Also since goldfish are dirty fish and eat everything ( i call them cows underwater ) Usually intense gravel vacuuming in needed depending on your subtrate. Like rifling through the gravel with the end of your vacuum, because of this many goldfish owners keep a bare bottom tank and keep their plants in pots like terra cotta or pretty glass (like candle holders from walmart). It just depends on what you want. I dont like bare bottom tanks, plus i think my goldfish would get really bored with out stuff to pick through. 

General rule for tank size and goldfish is starting out your first fish needs 15-20 gallons, and every fish after that needs ten gallons. So a thirty would have worked if your fish were small bit after they get bigger they just look cramped, so bigger is always better with goldfish. 

And for the filters the rule is ten times the filtration an hour so if your tank is 56 gallons you need 560 gallon an hour. 

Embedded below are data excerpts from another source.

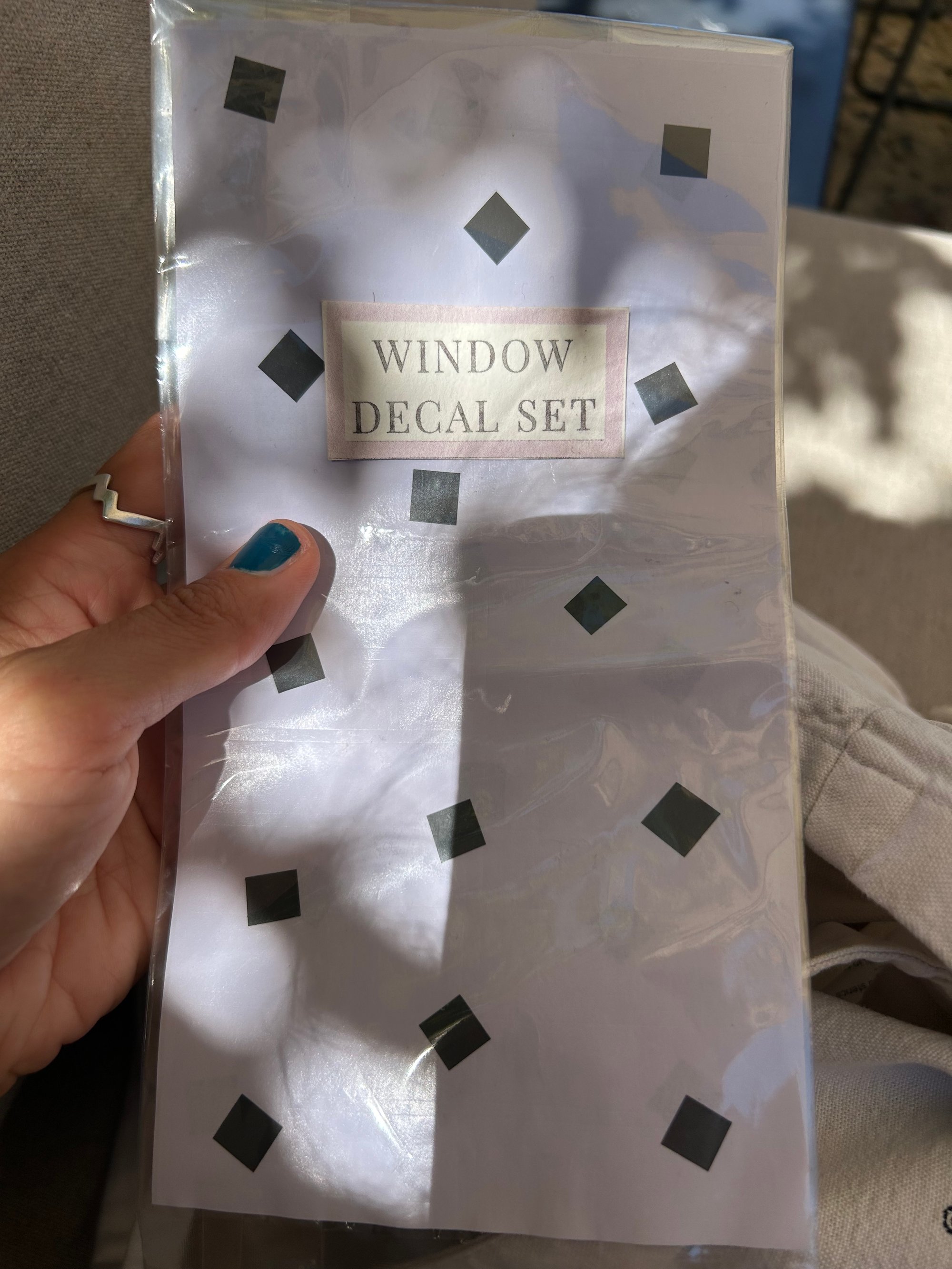 Contents: Each kit includes two sheets of muted black square decals, each approximately 1/2 inch in size, totaling around 22. This quantity is sufficient to cover a medium-to-large window with 4–6 inch spacing between each square. Shapes are hand cut; exact shapes may vary slightly.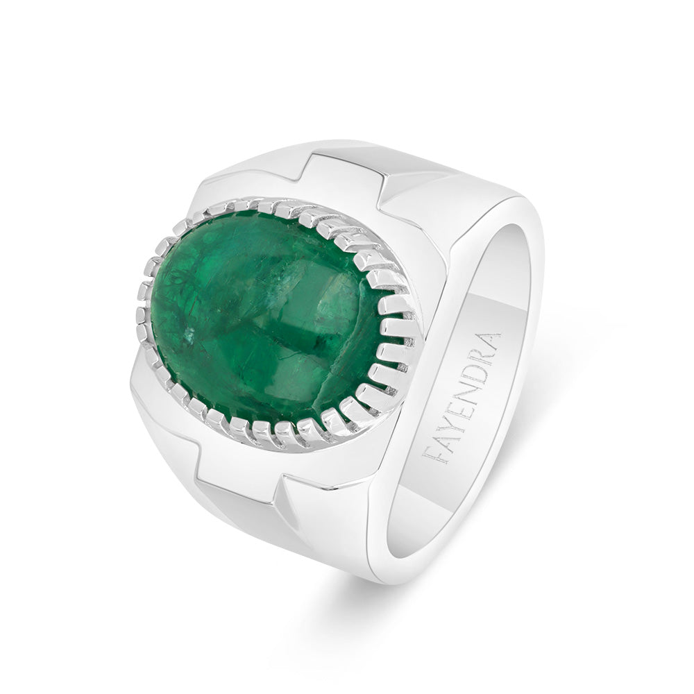 خاتم رجالي عيار 925 مطلي روديوم مرصع بحجر الزمرد الطبيعي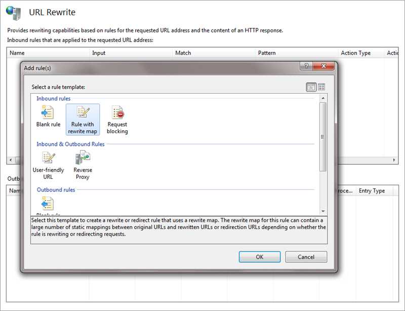 - You can use rewrite maps in IIS URL Rewrite to add a number of redirects See Storing URL rewrite mappings in a separate file for an explanation of how to use rewrite maps.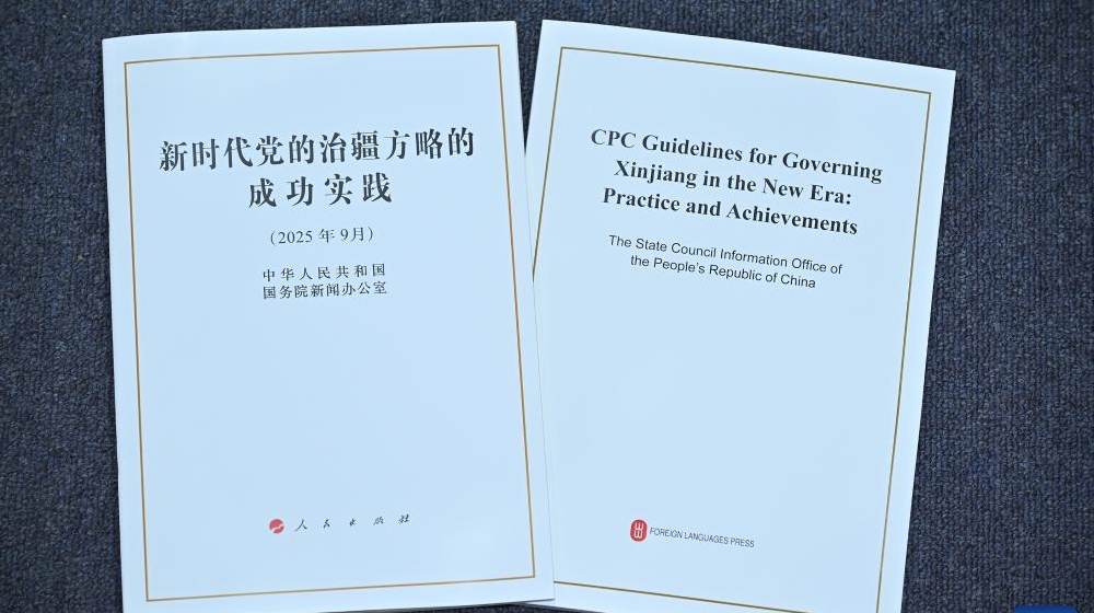 This photo taken on Sept. 19, 2025 shows copies of the white paper titled "CPC Guidelines for Governing Xinjiang in the New Era: Practice and Achievements" released by the State Council Information Office (SCIO). [Xinhua/Li Xin]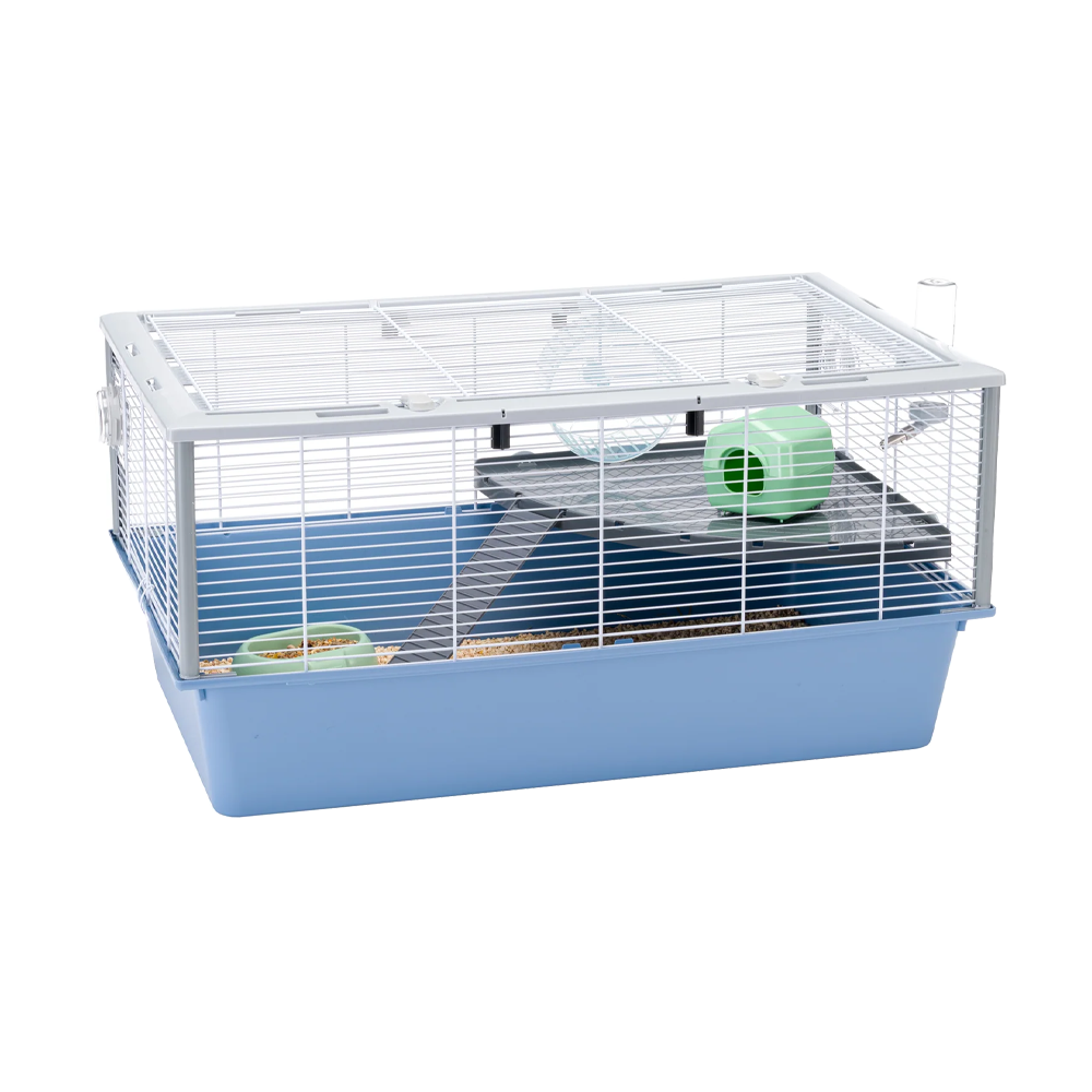 Criceti 80 är en rymlig och genomtänkt hamsterbur som ger ditt smådjur gott om utrymme för både vila och aktivitet. Konstruktionen är anpassad för att skapa en trygg och stimulerande miljö samtidigt som den är praktisk och lättskött för dig som djurägare.

And weekly water changes are a MUST, lol. 
www.thegab.com is a great goldfish centered website that has greatly helped me to improved the life of my goldfish. Its definitaly a great site for goldfish!

Good Luck! 
Jasmine


----------



## hydrophyte (Mar 1, 2009)

Certain kinds of riparium plants go well with goldfish too. If you can keep them with fairly bright light they'll also provide very good plant filtration.


----------



## sweet chariot (Nov 14, 2010)

I have for goldfish in a 55, and some good plant choices I've found are: 
-vallisneria
-echinodorus 
-sagittaria 
-java fern
-rotala

There is a link to my journal for that tank in my sig. 
As Jasmine said thegab is a great goldfish forum. You can also check out koko's goldfish forum . It is another great site to help beginners with goldfish keeping.


----------



## kribkeeper888 (Oct 8, 2011)

Ja you have a good taste in filters


----------



## Mannie Bothans (Oct 8, 2011)

TYhis is EXTREMELY helpful advice! I was searching for a good Goldfish forum. I think I will need to special order lights. Locally I can only find very low wattage ones.


----------



## xjasminex (Jul 26, 2011)

Yea, lights can be tricky and expensive when your looking to get local and stay cheap, thats why i dont have them yet because you need good quality lights for a tank that deep or tons of CFLS. One of the lfs around where i am has a T5 fixture that is a good price like 60 dollars for one for my fifty five so thats going to be my next big purchase!


----------



## Mannie Bothans (Oct 8, 2011)

I want to try to increase my chances of hitting the sweetspot to not need CO2 and not just feed the algae.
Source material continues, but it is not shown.